A friend from Dallas gave Smith $2.80, which he used to buy some Bull Durham tobacco, some rolling papers, and a bag of cold cuts. The friend drove Smith and the seven others to the railroad yard, where they caught a train that seemed to be three hundred boxcars long. Unable to get inside, the last of the Blue Devils had to ride home in the open air, lying down in the coal cars, digging themselves holes and covering up to keep the wind and cold off them as best they could. Smith had started the trip in a black tam and a gray suit. By the time they got to Ohio, his suit was the same color as his beret.

Somewhere along the way, Smith and his men hooked up with some white hobos who took them into a boxcar. One of them wedged a stick in the door to make sure they weren't trapped inside, which could be fatal.
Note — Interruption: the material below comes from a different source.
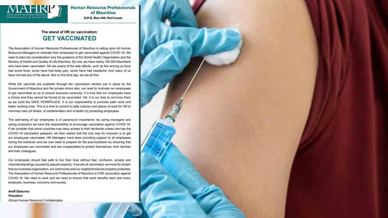 L’Association of Human Resource Professionals of Mauritius, dans un communiqué émis ce soir, jeudi 18 mars, appelle tous les responsables des ressources humaines à motiver les employés pour qu'ils se fassent vacciner contre la Covid-19.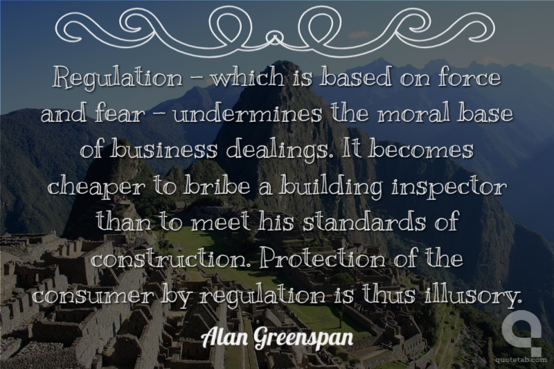 Regulation - which is based on force and fear - undermines the moral base of business dealings. It becomes cheaper to bribe a building inspector than to meet his standards of construction. Protection of the consumer by regulation is thus illusory.

There were twenty-one of them, all huddled around a fire built inside the boxcar, their occupations, their skin tones, their education and class backgrounds, their dreams, their fears, and even their individual takes on the Depression and the blues were secondary to the all-American shake, rattle, and roll of the iron horse, whose rhythms were captured in the beat of swing and the drive of the shuffle blues.

At Cincinnati, the train stopped. The white hobos told the Blue Devils they'd better stick around the railroad yard and not go out looking for food. As Smith remembered, though, they were also told not to worry; they'd be taken care of. The white guys went off bumming for grub and soon they were back with pieces of steak, ham, cold cuts, and bread for the Blue Devils. Then the white men took them to a hobo camp where they sat on a rug under a tree and ate a meal cooked in a pot on the ground, with all the necessary dishes and cutlery waiting for them under a sign reading “Leave It Like You Find It.”

With his Bull Durham and his food in a box around his neck, Buster Smith, along with Lester Young and a few of the others, finally made it to Saint Louis, where Bennie Moten sent a car for them. Before the car arrived, someone stole half of Smith's music.
That
was the blow. Buster knew he could write more music, but having his music stolen—that was another nail in the Blue Devils' coffin, another sign that the evening sun was going down on their small empire of swing, insouciant lyricism, humor, and spunk. This last stretch had been long, it had been hard, but it was typical of what was starting to happen as the Depression destroyed a whole world of entertainment and employment the way a prairie fire did a field.

The only way to outrun the fire was to go to Kansas City.

Shortly after they got there, Buster Smith joined Bennie Moten, putting himself back in the regional big time, a member of the hottest jazz orchestra for a thousand miles in any direction. Buster Smith was right at home—and there he would stay until April 2, 1935, when thirty-nine-year-old Bennie Moten died on the operating table while his tonsils were being removed.